Honestly I rather enjoy the hobgoblin ability. An extra +3 (assuming the average party size is 4 people and that you have no NPC allies) to help guarantee that an attack lands or to avoid another effect that stacks with every other bonus is pretty decent, especially because it recharges fairly quickly.

The bugbear's traits are _amazing_ but they're worded very specifically. Long limbed does not allow for any opportunity attack cheese. The surprise attack damage is only once per combat, and like the Assassin's abilities, requires an extremely specific chain of events to go off before they trigger (You have to both surprise an opponent, and then you have to win the initiative bid). And it's only 7 damage to open a fight with. Sure, you'll take out something low level pretty quickly, but as monsters scale by HP, it does taper off unless you crit.

I will agree that the penalties to stats are unnecessary, but not because the chosen stats are "useless." Instead it's because it punishes players who want to be the heavy armoured Kobold or the Illusionist orc while doing nothing to "balance" their actual abilities when put onto their stereotypical class, upon which the orc is *loaded* (getting some abilities from the half-orc, which are already great STR fighters and then some more to help close the distance to the ranged attackers).

In fact, why does the kobold have a stat penalty at all? Looking at its abilities, sunlight sensitivity and pack tactics cancel each other out rather nicely, leaving it's only real ability being a 1/short rest ability that forces kobolds to be within melee weapon attack range. And if that seems strong enough to be penalized, don't forget that being small in 5e is almost all penalties too.


----------



## gyor (Nov 3, 2016)

Curmudjinn said:


> What the hell is the bad language for? If it isn't what you like, DON'T BUY IT and simply make your own version of those monsters. It is literally no sweat nor harm to you.
> 
> I could care less about monstrous races. I want things that better a campaign, like ecologies and details like that.




 You do realize that you swore (hell) when you gave him crap for swearing? 

 I don't blame him for being upset, they ignored the fans on this one, most of whom said no negative modifiers.

 That being said, its just two races, and neither negative modifier is crippling, there is no class they can't rock, abit as long as one avoids trap options. Not ideal, but not crippling either. Heck when playing to their wheel houses (Dex Rogues, Rangers, Fighters, Monks, Bladelocks, TWF/Archer builds for Kobolds, and Fighters, Rangers, Barbarians, Monks, Paladins for Orcs), both are very powerful.


----------



## pukunui (Nov 3, 2016)

gyor said:


> Really the part that bugs me most about the Kobold is the flavour Coward, Beg, and Grovel, not the kind of ability that screams champion.

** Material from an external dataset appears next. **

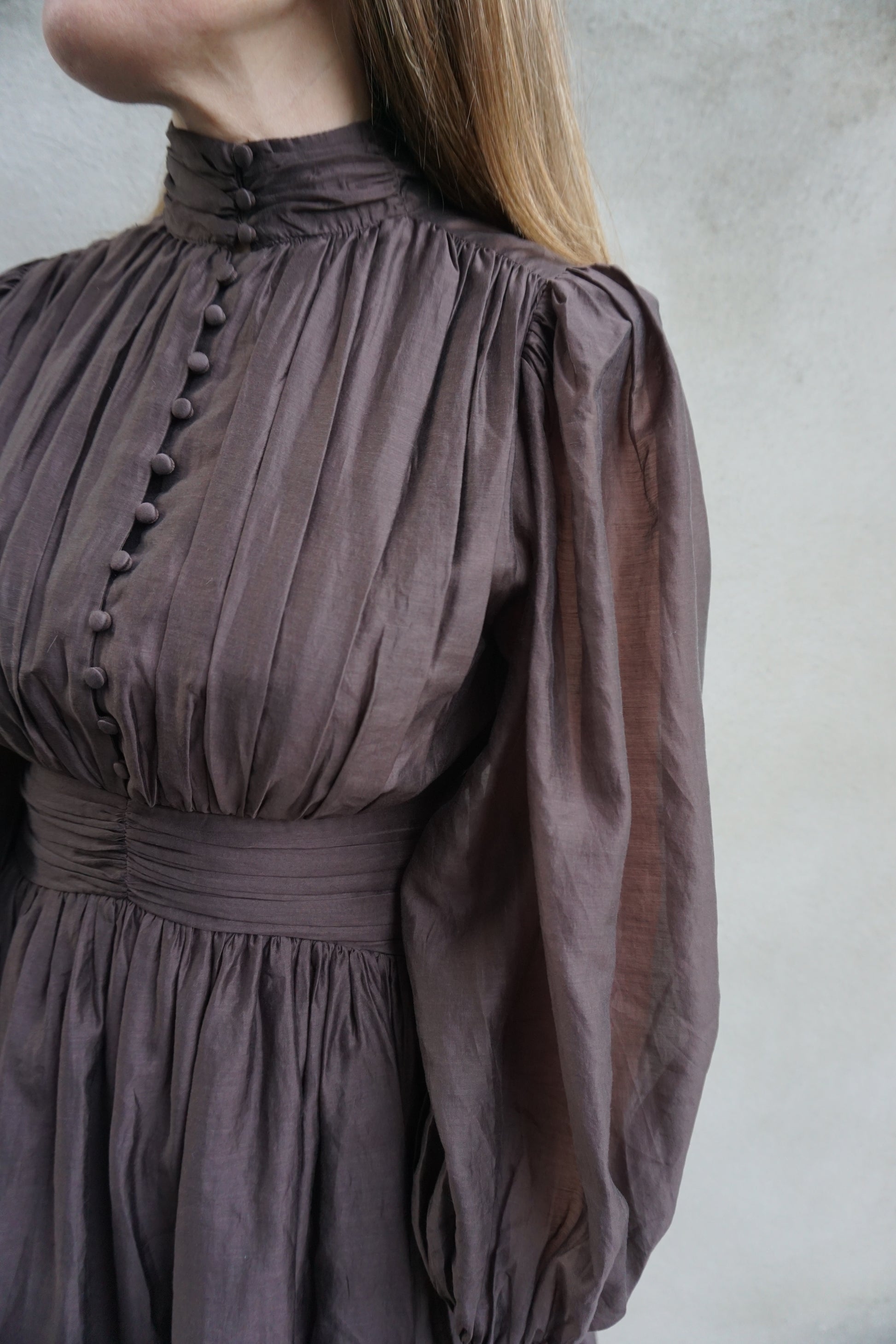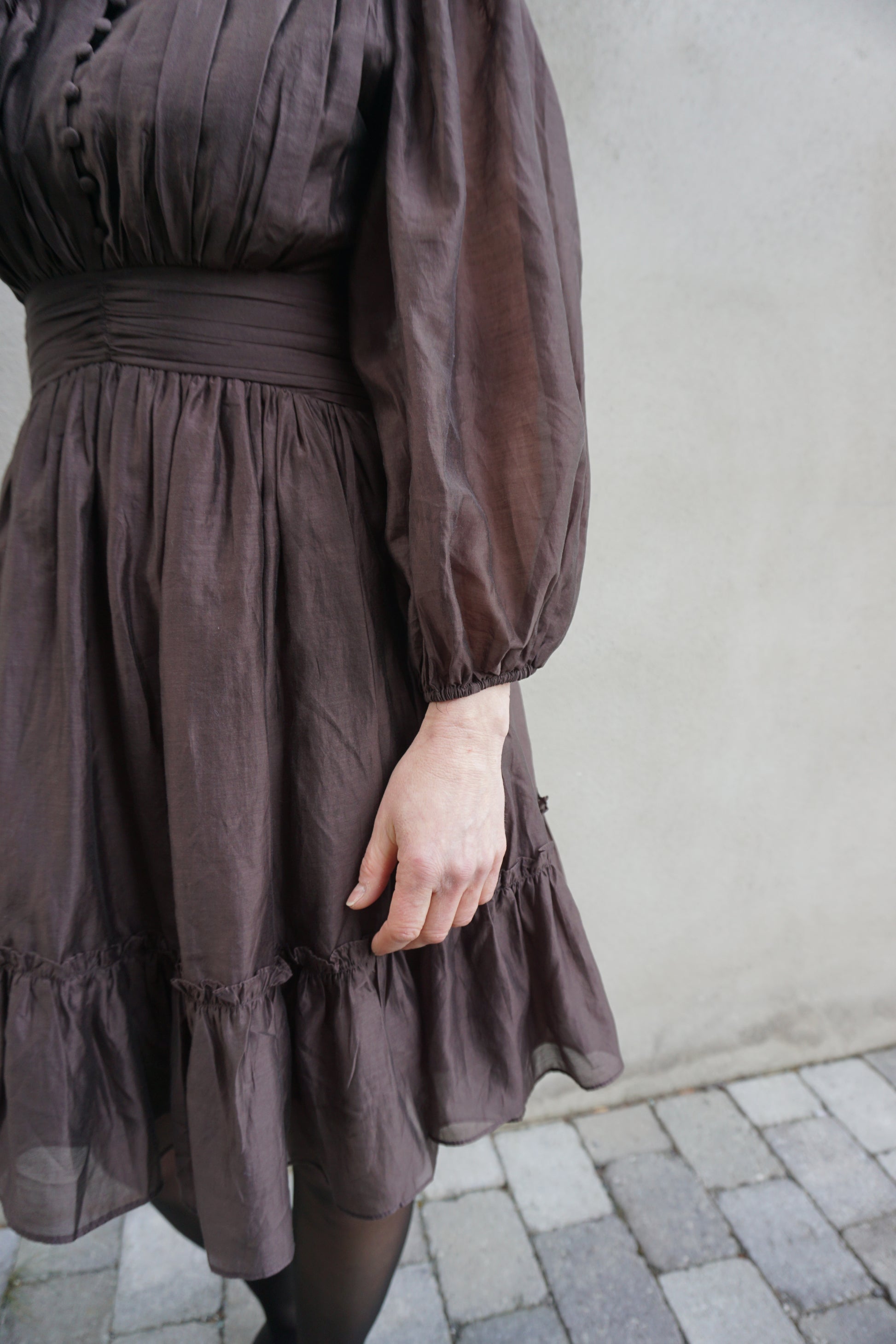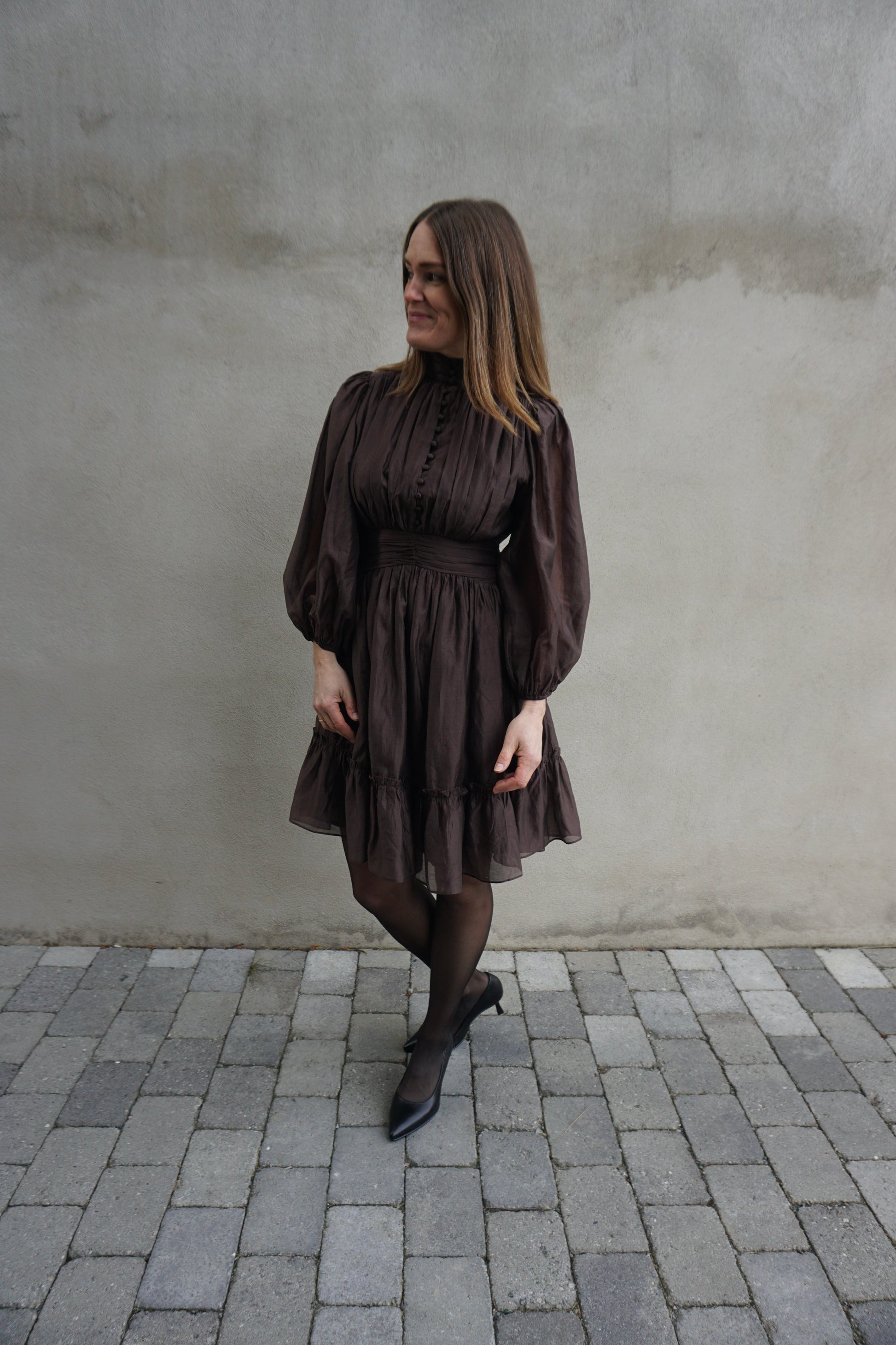 Kjolen har rynkedetaljer som gir et vakkert spill i stoffet, voluminøse 3/4-ermer og dekorative knapper i front som kan åpnes for å skape en mer feminin utringing. Den skjulte glidelåsen i siden gir en sømløs passform, mens underkjolen i bomull sørger for at kjolen føles behagelig hele dagen og kvelden.

Agreed. I even advocated for a name change for this one in my playtest feedback, but it looks like they ignored me ...


----------



## Jester David (Nov 3, 2016)

*Aasimar *Sounds like they want to redo them from the DMG. Makes sense: the DMG was a poor book to serve as a player reference product. Happier to have them given the full meal deal. I just hope they worked in a deva variant.
Already allowed at my table. 

*Bugbear *A surprise. They're sneaky CE brutes. Murderers and serial killers. Hard to picture them as Player Character material.  But I imagine the stealthy medium sized creature role is well served by them.
They're sociopaths!! Yeah... not at my table.

*Firbolg*This race does have some unfortunately changes to lore. It'd be nice if they kept the Celtic look with the big red beards to at least tie the visual similarities of the two races together. Hopefully there's more art in the book that offers and alternate take. Personally, I don't mind the slight lore tweak, as they could use a realignment to be closer to the mythological version. And more fey creatures are nice. 
I'll probably allow, if a player asks. The Feywild is open enough for there to be lots of places a firbolg could hail from.

*Goblin* Expected. People love their gobos. 
I'd probably allow. 

*Goliath* Sad. I liked having _Elemental Evil_ races remain there, to keep that product useful...
They don't really have a solid place in my world. So I wouldn't allow for that reason. Or I'd discourage/ ask for a great story hook.

*Hobgoblin* A bit of a surprise. But they fill a military/martial role that isn't served by most other PC races. They work for any mercenary race quite nicely. 
Would allow if the player had a good story.*

Kenku*Unexpected but hoped for. I love kenku as a ravenfolk. 
They don't have a strong presence in my current campaign setting sadly. So I won't push them towards my players like kobolds. But allowed. 

*Kobold*Expected. People love their kobos. 
Kobolds have a big presence in my world. Definitely allowed. 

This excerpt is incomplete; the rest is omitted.